The Digital Publishing Interest Group had its first face-to-face meeting during the W3C TPAC week in Shenzhen, China. The meeting’s main goal was to give more direction to the various task forces that the Interest Group had started to define in earlier weeks, by specifying their scope and main focus. Not all task forces were covered; indeed, the two days also included meetings with other experts from other W3C groups, so the final scoping of the task forces will have to be done in subsequent teleconferences.

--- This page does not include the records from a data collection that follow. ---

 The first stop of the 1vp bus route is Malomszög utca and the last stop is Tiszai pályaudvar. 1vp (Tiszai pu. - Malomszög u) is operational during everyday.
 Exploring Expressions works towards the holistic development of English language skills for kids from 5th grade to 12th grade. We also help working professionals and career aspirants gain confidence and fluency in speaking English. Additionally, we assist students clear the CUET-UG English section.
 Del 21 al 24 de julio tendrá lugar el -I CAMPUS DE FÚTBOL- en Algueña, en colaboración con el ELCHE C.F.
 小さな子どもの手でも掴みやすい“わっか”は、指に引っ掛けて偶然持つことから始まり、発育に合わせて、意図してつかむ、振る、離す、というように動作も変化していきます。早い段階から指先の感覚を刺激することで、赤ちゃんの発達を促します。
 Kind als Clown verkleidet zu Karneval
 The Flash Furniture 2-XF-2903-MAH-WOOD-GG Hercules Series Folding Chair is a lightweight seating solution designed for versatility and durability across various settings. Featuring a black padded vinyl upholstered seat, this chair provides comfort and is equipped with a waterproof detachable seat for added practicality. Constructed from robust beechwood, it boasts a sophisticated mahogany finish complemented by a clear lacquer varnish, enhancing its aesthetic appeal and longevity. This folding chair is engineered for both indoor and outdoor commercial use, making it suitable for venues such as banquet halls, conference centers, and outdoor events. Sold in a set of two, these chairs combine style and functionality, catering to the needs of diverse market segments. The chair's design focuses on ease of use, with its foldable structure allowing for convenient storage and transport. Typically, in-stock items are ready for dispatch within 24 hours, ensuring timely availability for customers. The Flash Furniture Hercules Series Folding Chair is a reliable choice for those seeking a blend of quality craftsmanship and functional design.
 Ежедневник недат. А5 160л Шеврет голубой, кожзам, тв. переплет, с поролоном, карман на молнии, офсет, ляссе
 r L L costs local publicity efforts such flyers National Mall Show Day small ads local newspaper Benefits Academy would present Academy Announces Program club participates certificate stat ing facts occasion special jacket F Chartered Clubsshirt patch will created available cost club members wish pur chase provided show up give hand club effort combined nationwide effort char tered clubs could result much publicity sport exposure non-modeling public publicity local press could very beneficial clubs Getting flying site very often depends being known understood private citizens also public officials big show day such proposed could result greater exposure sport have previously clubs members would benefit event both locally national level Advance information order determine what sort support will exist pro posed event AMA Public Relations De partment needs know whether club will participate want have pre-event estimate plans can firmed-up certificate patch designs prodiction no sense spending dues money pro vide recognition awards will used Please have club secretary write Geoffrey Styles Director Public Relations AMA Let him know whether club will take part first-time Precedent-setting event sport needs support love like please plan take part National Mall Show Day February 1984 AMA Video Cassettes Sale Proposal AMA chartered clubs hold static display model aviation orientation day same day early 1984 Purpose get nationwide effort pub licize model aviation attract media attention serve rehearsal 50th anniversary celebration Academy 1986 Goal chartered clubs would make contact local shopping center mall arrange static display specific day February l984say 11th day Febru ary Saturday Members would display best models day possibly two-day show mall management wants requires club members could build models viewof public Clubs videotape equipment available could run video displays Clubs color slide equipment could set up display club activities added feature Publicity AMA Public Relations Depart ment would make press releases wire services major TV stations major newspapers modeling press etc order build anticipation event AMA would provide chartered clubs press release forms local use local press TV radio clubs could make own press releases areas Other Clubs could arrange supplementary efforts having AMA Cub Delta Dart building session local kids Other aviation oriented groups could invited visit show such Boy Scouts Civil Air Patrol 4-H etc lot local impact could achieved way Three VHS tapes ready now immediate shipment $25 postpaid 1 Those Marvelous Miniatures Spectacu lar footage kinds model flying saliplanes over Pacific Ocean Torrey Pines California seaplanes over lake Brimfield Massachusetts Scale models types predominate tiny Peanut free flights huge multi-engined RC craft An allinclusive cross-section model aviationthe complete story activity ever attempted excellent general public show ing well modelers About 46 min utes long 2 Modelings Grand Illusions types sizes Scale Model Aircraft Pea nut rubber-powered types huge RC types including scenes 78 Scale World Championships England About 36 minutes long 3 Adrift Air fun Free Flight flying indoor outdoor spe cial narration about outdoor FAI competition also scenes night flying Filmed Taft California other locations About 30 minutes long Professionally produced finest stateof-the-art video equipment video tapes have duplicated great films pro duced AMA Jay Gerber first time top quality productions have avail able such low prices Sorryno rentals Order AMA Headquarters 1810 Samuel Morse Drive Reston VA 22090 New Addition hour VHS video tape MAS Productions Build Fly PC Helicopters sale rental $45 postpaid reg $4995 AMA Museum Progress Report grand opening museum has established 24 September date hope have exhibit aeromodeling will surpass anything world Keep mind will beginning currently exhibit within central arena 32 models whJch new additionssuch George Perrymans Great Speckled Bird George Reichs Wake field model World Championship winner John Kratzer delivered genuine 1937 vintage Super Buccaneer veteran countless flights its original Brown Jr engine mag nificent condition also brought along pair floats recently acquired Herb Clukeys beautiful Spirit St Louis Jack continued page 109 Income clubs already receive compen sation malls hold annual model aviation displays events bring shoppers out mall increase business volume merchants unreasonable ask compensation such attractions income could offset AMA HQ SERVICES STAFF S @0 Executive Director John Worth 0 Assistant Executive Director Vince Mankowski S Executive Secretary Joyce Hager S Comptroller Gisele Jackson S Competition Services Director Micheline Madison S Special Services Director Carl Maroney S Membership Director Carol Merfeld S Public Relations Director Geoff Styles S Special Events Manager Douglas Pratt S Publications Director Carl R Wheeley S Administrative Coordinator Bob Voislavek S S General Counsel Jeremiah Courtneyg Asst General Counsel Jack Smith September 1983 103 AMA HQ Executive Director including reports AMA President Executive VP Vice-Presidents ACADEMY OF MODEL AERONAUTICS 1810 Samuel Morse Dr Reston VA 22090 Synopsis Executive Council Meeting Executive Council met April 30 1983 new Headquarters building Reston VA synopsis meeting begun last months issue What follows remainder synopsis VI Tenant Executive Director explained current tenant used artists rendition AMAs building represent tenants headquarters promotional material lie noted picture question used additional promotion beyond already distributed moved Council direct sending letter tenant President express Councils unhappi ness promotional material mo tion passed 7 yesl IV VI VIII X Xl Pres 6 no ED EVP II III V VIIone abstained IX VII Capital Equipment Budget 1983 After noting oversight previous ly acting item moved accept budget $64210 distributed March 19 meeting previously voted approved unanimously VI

The issues around pagination (based on the very fist draft document) were, obviously, the most complex. Producing a document covering all aspects for all kinds of publishing would be a huge task, going beyond what the IG could reasonably do. After much discussion, the scope, for the first version of the document, was restricted along two axes: publishing genres and writing systems. For the former, some of the possible areas were, for the time being, were set aside; these are journals and magazines, poetry, children’s picture books, comics and manga. Indeed, these genres require very special considerations (e.g., possibly fixed layout), and additional efforts and resources will be needed to cover those. As far as writing systems are concerned, the group had to take into account that W3C already had published documents on Japanese Layout, and similar documents may become available in future for Chinese, Korean, or Indic writing systems. As a consequence, the current document will concentrate on Latin based pagination, including the various local variations for different languages or cultures.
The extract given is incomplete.